CaseStrainer Active Code Map

Last Updated: November 10, 2025
Purpose: Prevent working on deprecated/unused files

🎯 Quick Reference: Where Is The Active Code?

Feature	ACTIVE FILE	Deprecated/Fallback Files
Citation Extraction	`unified_case_extraction_master.py`	`clean_extraction_pipeline.py` `unified_extraction_architecture.py` `unified_case_name_extractor_v2.py`
Citation Clustering	`unified_clustering_master.py`	`unified_citation_clustering.py`
Citation Verification	`unified_verification_master.py`	(none)
Main Processing	`unified_processing_pipeline.py`	(none)
Citation Processor	`unified_citation_processor_v2.py`	(none)

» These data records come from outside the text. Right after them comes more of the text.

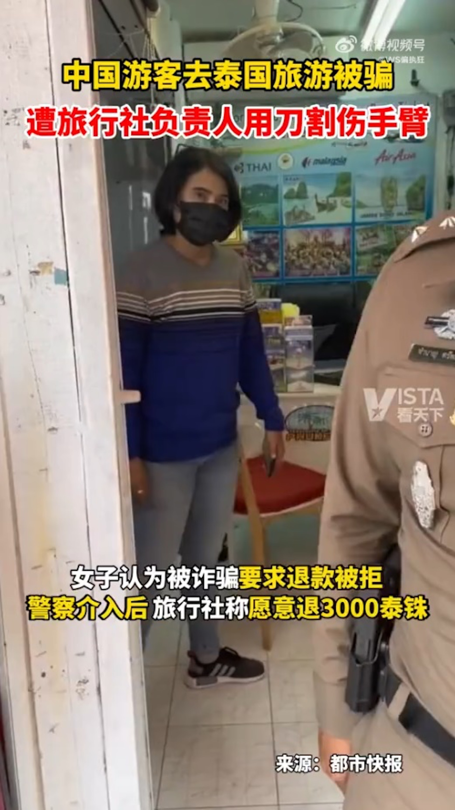 該名女遊客稱,當時自己要求全額退款,結果旅行社負責人表示「要麼拿着3000,要麼拿刀殺了你們」,之後更用刀割傷她的手臂。她隨後到當地警察局報警立案。目前,涉事女遊客已回國。公仔箱論壇8 m0 ^, W( j6 B( P
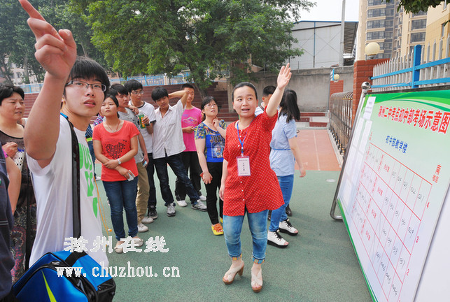 昨天下午,滁州二中考点,工作人员向考生介绍各考场位置。记者 王家国摄
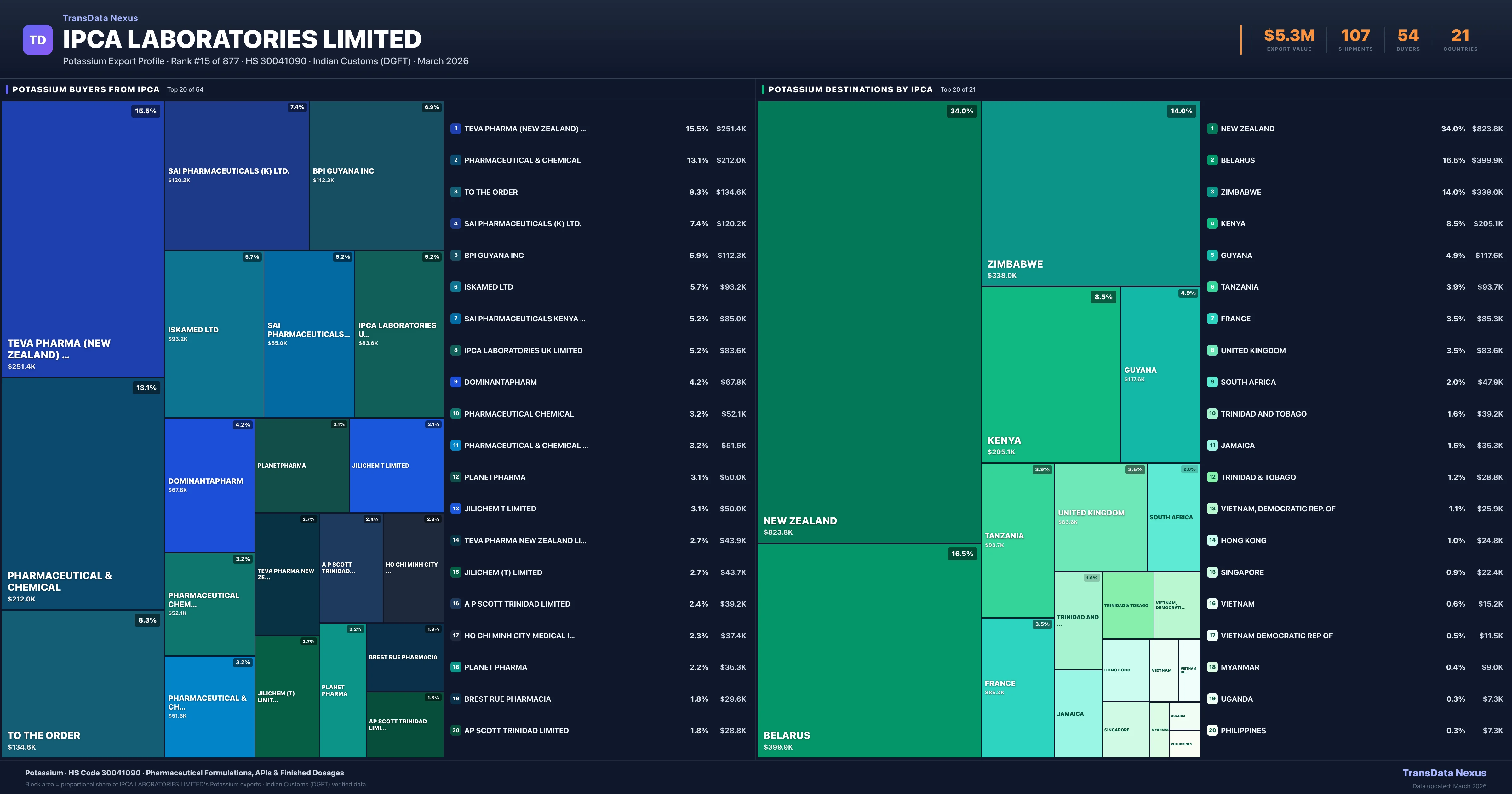 Ipca Laboratories Limited — Potassium Export Profile: Buyers & Destinations

📊 Execution Flow (What Actually Runs)

1. User Uploads PDF

Frontend → Backend (app.py) → RQ Worker

2. Worker Processing

# src/rq_worker.py
def process_citation_task_direct():
    ↓
# src/unified_processing_pipeline.py
class UnifiedProcessingPipeline:
    def process_citations():
        ↓
        self._extract_citations()  # Line 137
            ↓
# src/unified_citation_processor_v2.py
class UnifiedCitationProcessorV2:
    def process_text():  # Lines 4045-4124
        ↓
        # Method 1: Master extractor (PRIMARY)
        extract_case_name_and_date_unified_master()  # Line 4082
            ↓
# src/unified_case_extraction_master.py (⭐ ACTIVE CODE)
def extract_case_name_and_date_unified_master():  # Line 2491
    ↓
    extractor = get_master_extractor()
    ↓
class UnifiedCaseExtractionMaster:
    def extract_case_name_and_date():  # Line 234
        ↓
        # Line 259: DIAGNOSTIC LOG (ERROR level)
        logger.error(f"[MASTER_EXTRACT ENTRY] citation='{citation}'")
        
        # Line 293-315: Strategy -0.5 (Special formats)
        self._extract_special_citation_formats()
        
        # Line 320-329: Strategy 0 (Comma-anchored)
        # Line 332-347: Strategy 1 (Position-aware)
        # Line 350-356: Strategy 2 (Context-based)
        # Line 359-361: Strategy 3 (Pattern-based)
        # Line 365-393: Strategy 4 (Aggressive fallback)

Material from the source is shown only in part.